Shapiro's work changed in character with the years. It developed into a highly personal, taut, and largely understated voice. His poetry owes a great deal to the poetry of Charles Reznikoff, who was a close friend of Shapiro's for many years. In its mysticism, religious searching and use of New York City symbolism, Shapiro's work was also deeply influenced by Hart Crane.
The poems are at their best when Shapiro describes the streets, subways, places, and people of Brooklyn and Manhattan, where he had lived and walked for most of his life. He describes Hart Crane's Brooklyn Bridge, neighborhoods, tenements and apartments, skyscrapers, subway stops, delicatessens, the old Women's House of Detention, and much more.
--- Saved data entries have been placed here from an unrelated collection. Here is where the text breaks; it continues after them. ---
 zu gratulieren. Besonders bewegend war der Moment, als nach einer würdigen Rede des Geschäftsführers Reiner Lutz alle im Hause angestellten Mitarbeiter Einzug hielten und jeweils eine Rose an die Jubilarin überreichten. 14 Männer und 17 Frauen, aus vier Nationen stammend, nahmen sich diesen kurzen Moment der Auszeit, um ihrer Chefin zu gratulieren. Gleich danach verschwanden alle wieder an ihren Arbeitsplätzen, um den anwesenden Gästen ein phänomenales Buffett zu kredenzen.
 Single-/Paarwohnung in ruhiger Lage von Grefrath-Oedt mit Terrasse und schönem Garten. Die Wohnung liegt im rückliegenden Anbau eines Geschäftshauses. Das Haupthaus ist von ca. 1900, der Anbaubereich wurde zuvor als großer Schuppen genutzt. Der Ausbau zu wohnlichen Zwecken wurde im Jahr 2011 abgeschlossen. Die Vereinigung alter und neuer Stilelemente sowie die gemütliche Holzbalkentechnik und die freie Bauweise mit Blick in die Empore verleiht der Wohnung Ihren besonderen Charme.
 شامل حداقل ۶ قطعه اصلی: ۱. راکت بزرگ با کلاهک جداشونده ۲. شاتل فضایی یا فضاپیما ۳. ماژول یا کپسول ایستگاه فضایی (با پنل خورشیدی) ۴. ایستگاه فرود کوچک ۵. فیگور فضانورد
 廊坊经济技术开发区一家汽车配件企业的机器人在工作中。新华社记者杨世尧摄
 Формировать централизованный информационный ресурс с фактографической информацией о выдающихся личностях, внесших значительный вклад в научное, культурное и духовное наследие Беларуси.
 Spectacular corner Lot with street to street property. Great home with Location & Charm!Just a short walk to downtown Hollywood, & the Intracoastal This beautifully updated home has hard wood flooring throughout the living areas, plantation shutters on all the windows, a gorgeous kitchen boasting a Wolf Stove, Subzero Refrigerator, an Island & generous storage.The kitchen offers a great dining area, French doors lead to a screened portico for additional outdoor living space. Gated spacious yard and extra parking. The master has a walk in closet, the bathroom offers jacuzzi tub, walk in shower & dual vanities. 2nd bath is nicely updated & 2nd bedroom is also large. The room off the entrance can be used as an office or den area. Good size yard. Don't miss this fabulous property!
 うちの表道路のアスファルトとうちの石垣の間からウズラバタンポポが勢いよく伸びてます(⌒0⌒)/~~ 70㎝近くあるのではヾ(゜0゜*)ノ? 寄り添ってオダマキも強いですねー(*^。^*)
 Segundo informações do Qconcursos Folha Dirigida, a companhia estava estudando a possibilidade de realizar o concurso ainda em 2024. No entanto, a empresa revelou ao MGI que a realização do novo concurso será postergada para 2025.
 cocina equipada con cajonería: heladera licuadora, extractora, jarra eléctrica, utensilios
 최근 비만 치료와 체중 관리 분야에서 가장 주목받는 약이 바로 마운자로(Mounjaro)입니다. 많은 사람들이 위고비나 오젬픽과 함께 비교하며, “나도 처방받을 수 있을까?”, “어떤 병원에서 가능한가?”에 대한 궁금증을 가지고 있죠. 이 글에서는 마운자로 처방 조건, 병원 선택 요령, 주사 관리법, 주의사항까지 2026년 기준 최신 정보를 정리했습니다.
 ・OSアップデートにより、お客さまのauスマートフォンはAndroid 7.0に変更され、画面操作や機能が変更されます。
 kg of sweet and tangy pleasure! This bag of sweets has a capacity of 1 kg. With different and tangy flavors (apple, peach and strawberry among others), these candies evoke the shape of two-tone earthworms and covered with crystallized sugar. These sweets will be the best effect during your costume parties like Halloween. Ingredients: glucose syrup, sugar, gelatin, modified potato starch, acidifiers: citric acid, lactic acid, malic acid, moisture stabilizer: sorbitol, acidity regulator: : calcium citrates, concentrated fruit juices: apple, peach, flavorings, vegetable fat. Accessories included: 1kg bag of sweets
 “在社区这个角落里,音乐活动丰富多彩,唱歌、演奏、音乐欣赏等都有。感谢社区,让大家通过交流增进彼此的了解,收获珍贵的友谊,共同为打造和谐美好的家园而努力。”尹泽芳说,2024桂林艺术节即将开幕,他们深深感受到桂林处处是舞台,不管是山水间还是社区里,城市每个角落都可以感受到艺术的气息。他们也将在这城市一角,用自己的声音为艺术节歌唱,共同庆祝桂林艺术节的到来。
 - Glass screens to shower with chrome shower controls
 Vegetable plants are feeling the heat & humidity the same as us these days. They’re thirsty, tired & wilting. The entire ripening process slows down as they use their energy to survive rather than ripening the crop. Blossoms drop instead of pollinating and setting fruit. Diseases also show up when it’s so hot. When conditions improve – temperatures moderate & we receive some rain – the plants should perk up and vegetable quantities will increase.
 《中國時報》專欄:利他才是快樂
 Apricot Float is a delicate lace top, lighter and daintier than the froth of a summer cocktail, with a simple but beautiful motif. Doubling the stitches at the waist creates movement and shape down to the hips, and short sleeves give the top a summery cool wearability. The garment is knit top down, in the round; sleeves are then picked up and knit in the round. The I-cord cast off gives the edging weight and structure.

Many of the titles of the poems evoke the subject matter, including, "Brooklyn Walk", "National Cold Storage Company", "The Synagogue on Kane Street", "Riverside Drive",, "In Brooklyn Harbor", "47th Street", "Happiness in Downtown Brooklyn", "Brooklyn Heights", "Meditation on a Brooklyn Bench", Manhattan in Summer", "Lower East Side", "Greenwich Village, 1999", and others. The poems have the feel of the city and of a poet who has walked and observed it intimately.
Shapiro was not a traditional Jew, but his poetry reflects on transcendence and on his orthodox Jewish upbringing. The Hasidic master, Rabbi Nachman of Bratslav, appears to be a strong influence and appears in several poems. The poems include much reflection on mortality, particularly as Shapiro grows older. They are also full of the joy of an unabashed, robust sexuality, sometimes graphically expressed as in the long poem "Cynthia". Shapiro writes about WW II and his experiences as a tail-gunner. He has a great deal to say about the immigrant experience and his family. Many poems are about American poets who influenced him, including Whitman, Reznikoff, Hart Crane, William Carlos Williams, E.E. Cummings, and George Oppen. But his primary subject remains New York City.
Here is a short characteristic poem from the book titled "Through the Boroughs".
"I hear the music from the street Every night. Sequestered at my desk, My luminous hand finding the dark words. Hard, very hard. And the music From car radios is so effortless. And so I strive to join my music To that music. So that The air will carry my voice down The block, across the bridge, Through the boroughs where people I love Can hear my voice, saying to them Through the music that their lives Are speaking to them now, as mine to me."
And here is a poem called "Brooklyn" from late in the volume, as the poet reflects on his city while visiting Spain.
"The lights of two bridges framed in my study window are more pleasant to me because more constant to me than the ornate lit cathedral across from my hotel in Barcelona. Let them be my memorial candles when I am through with this world."
Shapiro is part of a long line of American poets who have examined the inner life while celebrating as well their own sexuality and the life of America's greatest city. I was glad of the opportunity to get to read Shapiro's work at last and to commemorate his recent death.